- Exercise: Copy out every line of the data exactly; do not include the images.

Input data Block Start

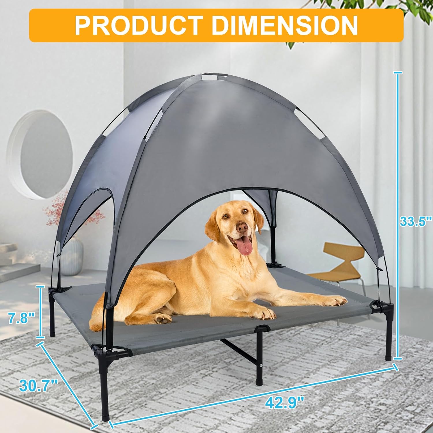 【Outdoor Dog Bed zwasdxcith Canopxcy】Equipped with a detachable sunshade, it can effectively block sunlight and provide a cool resting environment for your dog, making it more suitable for outdoor use. During installation, simply insert the support rod onto the corner tee and secure it with an elastic rope.
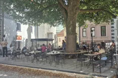 V filmu Manifesto so vrt kavarne Homan spremenili v pokopališče. / Foto: Klara Mrak
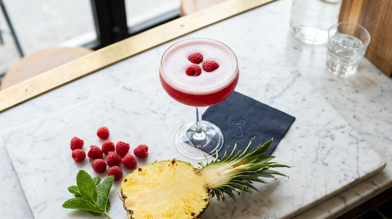 Inside: French Martini, Chambord Spritz, Purple Hooter, Raspberry Mojito, Raspberry Margarita, Raspberry Collins, Kir Royale variations, Pink Panty Dropper, and the full 200-plus raspberry-liqueur recipe catalogue.

Input data Block End

- Exercise answer:
 【Outdoor Dog Bed zwasdxcith Canopxcy】Equipped with a detachable sunshade, it can effectively block sunlight and provide a cool resting environment for your dog, making it more suitable for outdoor use. During installation, simply insert the support rod onto the corner tee and secure it with an elastic rope.
 V filmu Manifesto so vrt kavarne Homan spremenili v pokopališče. / Foto: Klara Mrak
 Inside: French Martini, Chambord Spritz, Purple Hooter, Raspberry Mojito, Raspberry Margarita, Raspberry Collins, Kir Royale variations, Pink Panty Dropper, and the full 200-plus raspberry-liqueur recipe catalogue.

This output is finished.